Problem details> Copy each line of the entries beneath that contains the word "aufgetragen".

Working data>
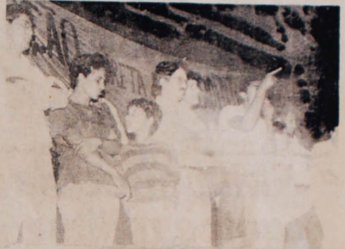
Jardim Nova Esperança, Goiânia: os moradores do bairro entram na campanha
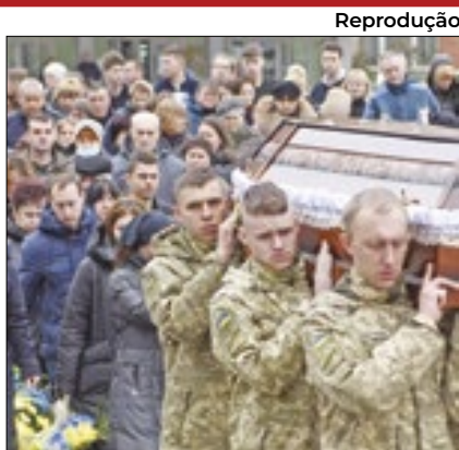
Jogo de azar é rara distração

A polícia foi acionada após dez minutos da saída deles. A fuga aconteceu durante um exercício, como confirmou o exército britânico. Há relatos de colisão entre os bichos e carros. Um deles foi visto coberto de sangue.
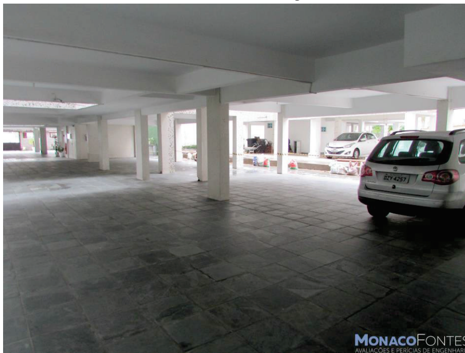
Acima e abaixo, tem-se a garagem, onde notam-se suas características e acabamentos.
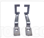
CHAPA ARRASTRE + PRENSATELA (16 X 16 MM)
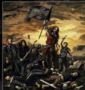
Birth of a Nation
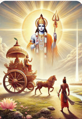
శ్రీ కృష్ణుడు అర్జునుడికి గీతోపదేశం చేస్తున్న దృశ్యం(ఫైల్)
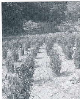
▲棚田わきのアヤマ

奥まった沢には棚田があります。棚田の上には味噌根古墳群や高島石の石切場などがあります。その途中には桜が植樹されています。棚田には紫米や黒米、赤米の古代米が栽培されています。水田稲作が始まった弥生時代からしばらく栽培されてきた米です。棚田の上半分は古代ハスの大賀ハスが植えられ、夏には見事な花を咲かせ、人びとを魅了しています。
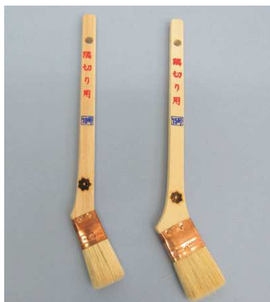
隅切り用 (銅巻) 白毛
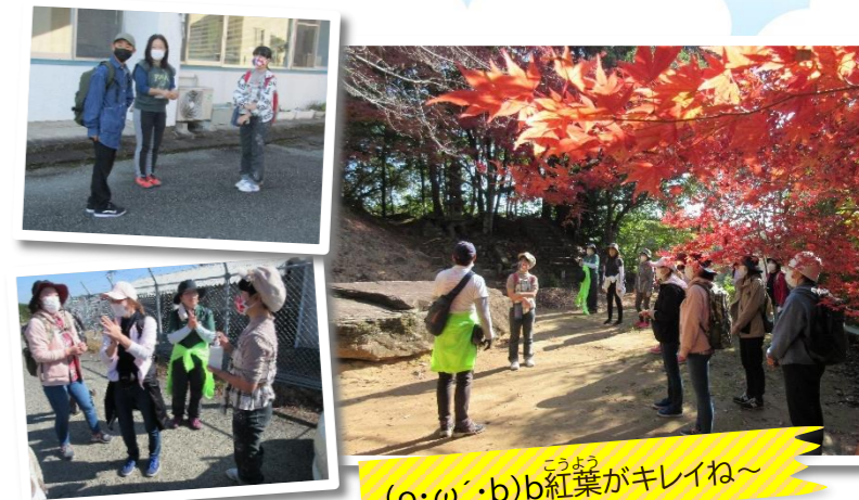
(o・w・b)b紅葉がキレイね～

20日(土) 公民館講座のサポーターとして参加し、八女オルレのコースと一緒に歩きました。 途中ハプニングで、蜂の巣を避けたり、土砂崩れを迂回したりと…。本来11kmのコースが19kmほどになっていました！ しかし、みなさん無事完歩。よく頑張りました～！
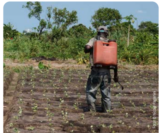
In Maputo werden großzügig Insektenvernichtungsmittel aufgetragen – ohne jede Schutzkleidung.

In Khayelitsha, dem größten Township der Cape Town Metropolitan Area gelten 89 Prozent der Haushalte als ernährungsunsicher ( Battersby in Paganini, Schelchen 2018 ). Hinterhof- und Gemeinschaftsgärten produzieren für den Eigengebrauch, den Markt erreichen die meisten lediglich mit Unterstützung
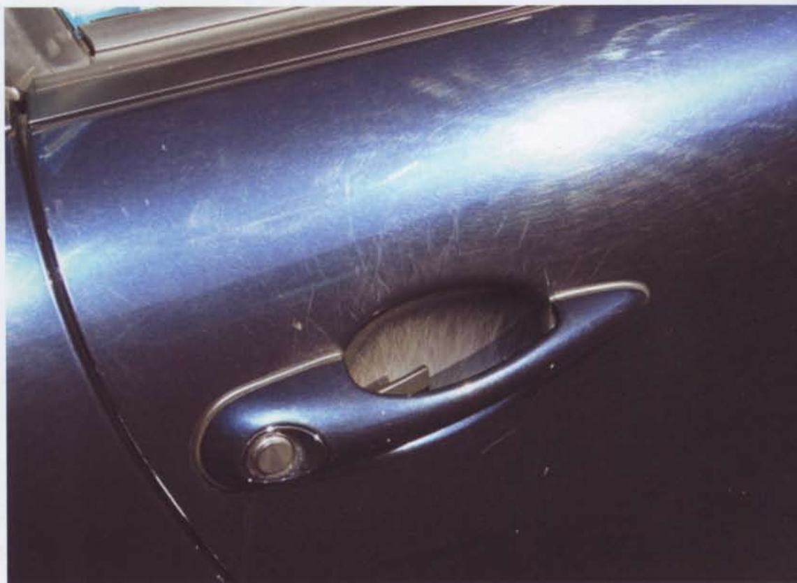
Die „klassischen“ Vorher-Nachher-Beispiele...

mit einem Applikationschwamm dünn aufgetragen. Bereits nach einer Einwirkzeit von 20 Minuten werden die Versiegelungsreste mit Mikrofasertüchern entfernt und schon ist man fertig. Strahlen-

Response area>
In Maputo werden großzügig Insektenvernichtungsmittel aufgetragen – ohne jede Schutzkleidung.
mit einem Applikationschwamm dünn aufgetragen. Bereits nach einer Einwirkzeit von 20 Minuten werden die Versiegelungsreste mit Mikrofasertüchern entfernt und schon ist man fertig. Strahlen-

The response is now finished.